### DIRECTIONS FOR THIS TASK
Pictures stay out of the copy. Retype exactly the lines below from the one with "Body Andrew Christian" through the one with "大型200噸玉米烘干塔工作原".

### SUPPLIED DATA
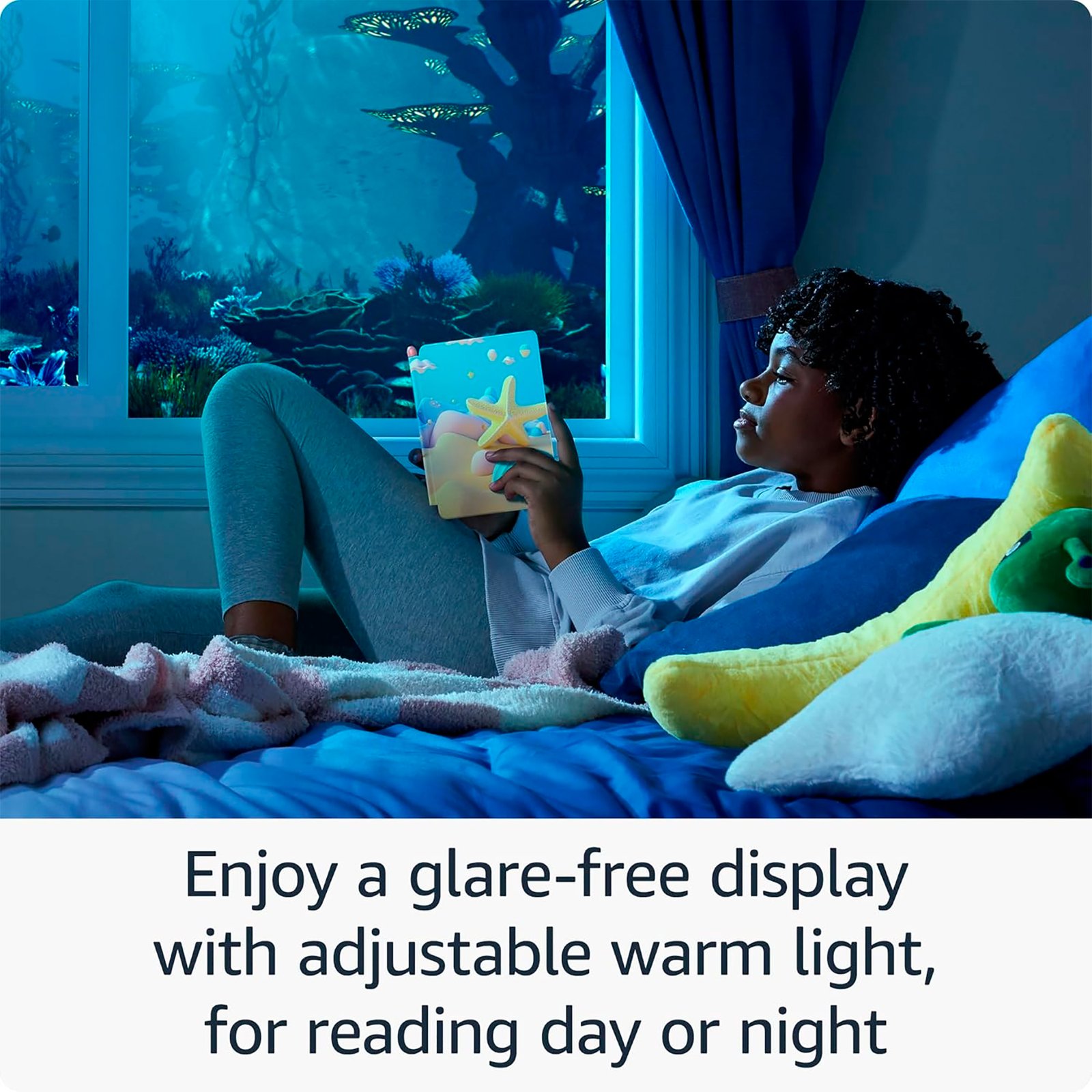 Ajusta la pantalla antideslumbrante desde iluminación blanca a ámbar para una lectura cómoda en interiores y exteriores, de día y de noche. Además, establece una hora de dormir para cada perfil infantil en el panel de control parental.
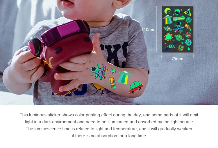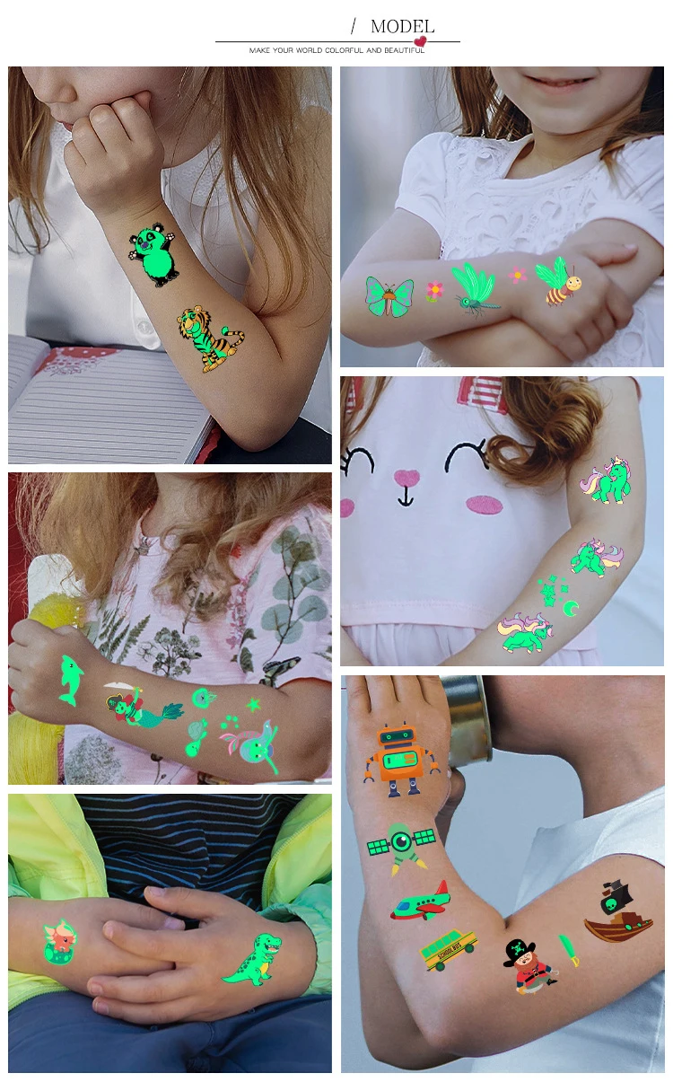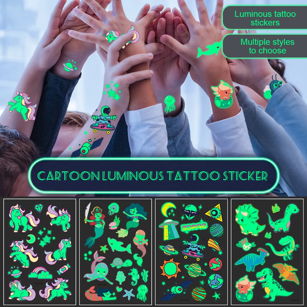 1 шт. светящаяся наклейка на татуировку для детей, светящаяся рука для лица, детское боди-арт, тату с динозавром, пиратом, единорогом, русалочкой, Мультяшные наклейки
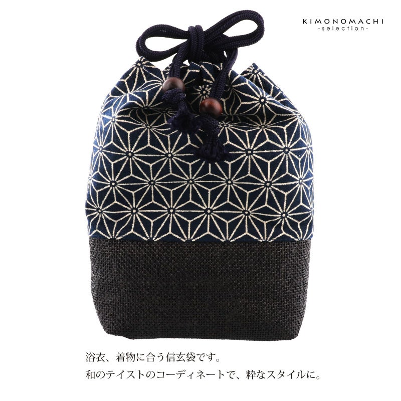 浴衣・甚平・作務衣・着物など和装でのお出かけに 底付きでたっぷり入って安心の日本製 粋な和柄の信玄袋 信玄袋 メンズ「家紋・子持ち吉原繋ぎ・麻の葉・龍・風神雷神・鳥獣戯画・青海波 全10柄」日本製 底付き巾着袋 巾着型バッグ 男性用 和装 ポーチ かばん 【メール便不可】
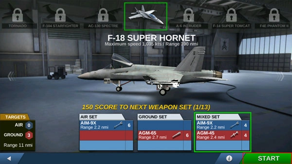 接下来要做的是挑选战斗机,确定飞机的类型以及配备的导弹,之后点击“START”按钮就能开启游戏了。
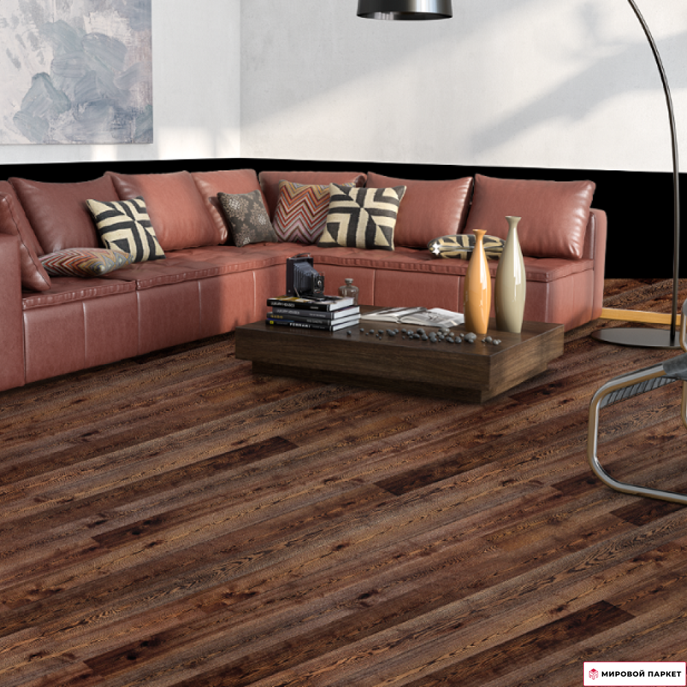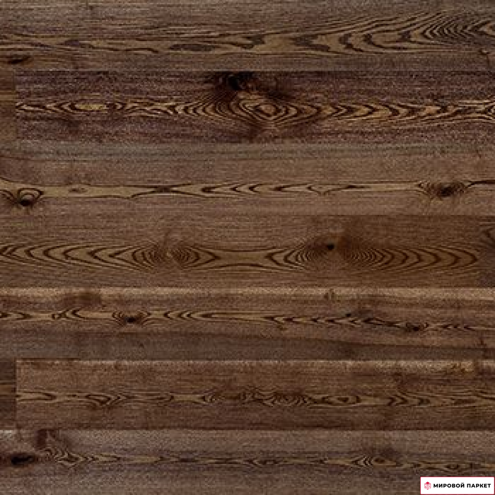 Цвет доски - темно-коричневый, что создает уютную атмосферу в помещении. Покрытие выполнено полуматовым лаком, который не только защищает древесину от внешних воздействий, но и добавляет ей блеск. Структура древесины подчеркивается технологией браширования, которая заключается в удалении мягких волокон древесины для создания рельефа. Это делает поверхность доски более глубокой и объемной, а также улучшает ее внешний вид.
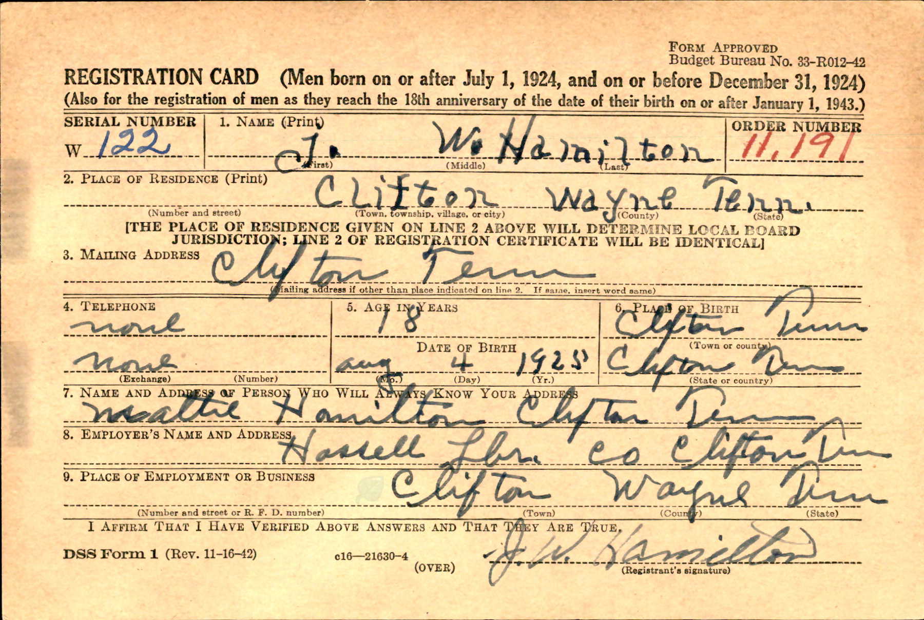J.W. Hamilton was born on 4 August 1925, the son of Clyde Hamilton and Mattie (Martha J) Bell.
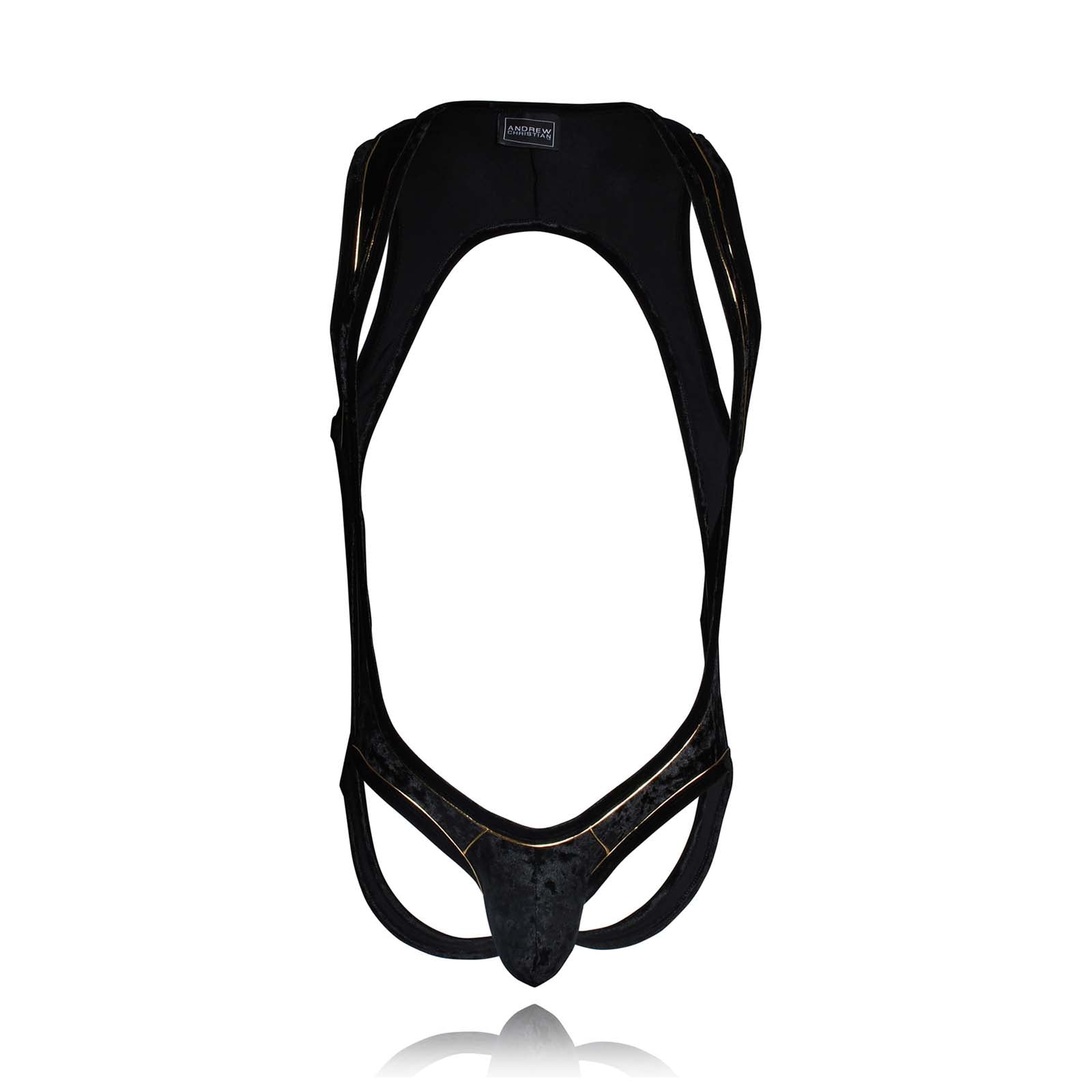 Body Andrew Christian Midnight 91287. Limited Edition. Body in soft material like velvet with golden details for your elegant parties. Front pocket that offers excellent support. Very comfortable fabric, you will love to wear it. 96% Polyester, 4% Elastan
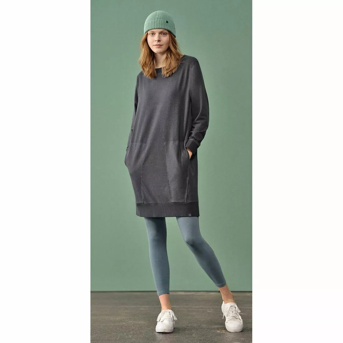 Vestido deportivo, amplio corte en jersey de cáñamo y algodón orgánico, estreche con una lata de elastán. Bolsillos laterales grandes.
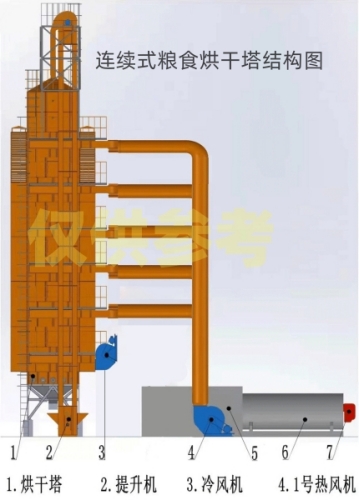 大型200噸玉米烘干塔工作原理:連續(xù)式糧食烘干塔結(jié)構(gòu)圖
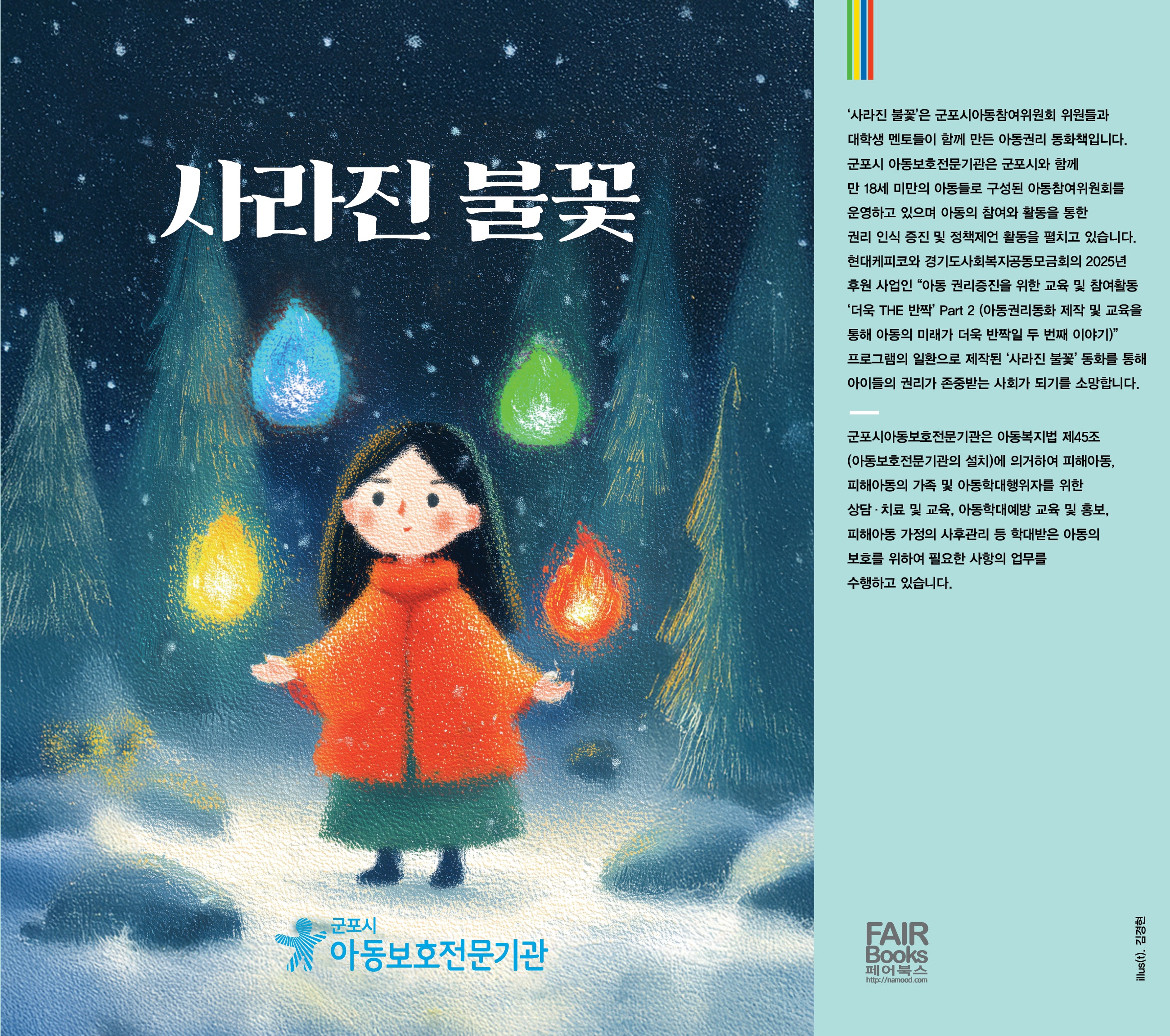 군포시 2025년 아동참여위원회 아동 위원과 대학생 멘토들이 6개월간 협력하여 아동의 시각에서 권리와 존중의 메시지를 담은 아동권리 동화 “사라진 불꽃”을 발간됐다.

### EXERCISE RESPONSE
 Body Andrew Christian Midnight 91287. Limited Edition. Body in soft material like velvet with golden details for your elegant parties. Front pocket that offers excellent support. Very comfortable fabric, you will love to wear it. 96% Polyester, 4% Elastan
 Vestido deportivo, amplio corte en jersey de cáñamo y algodón orgánico, estreche con una lata de elastán. Bolsillos laterales grandes.
 大型200噸玉米烘干塔工作原理:連續(xù)式糧食烘干塔結(jié)構(gòu)圖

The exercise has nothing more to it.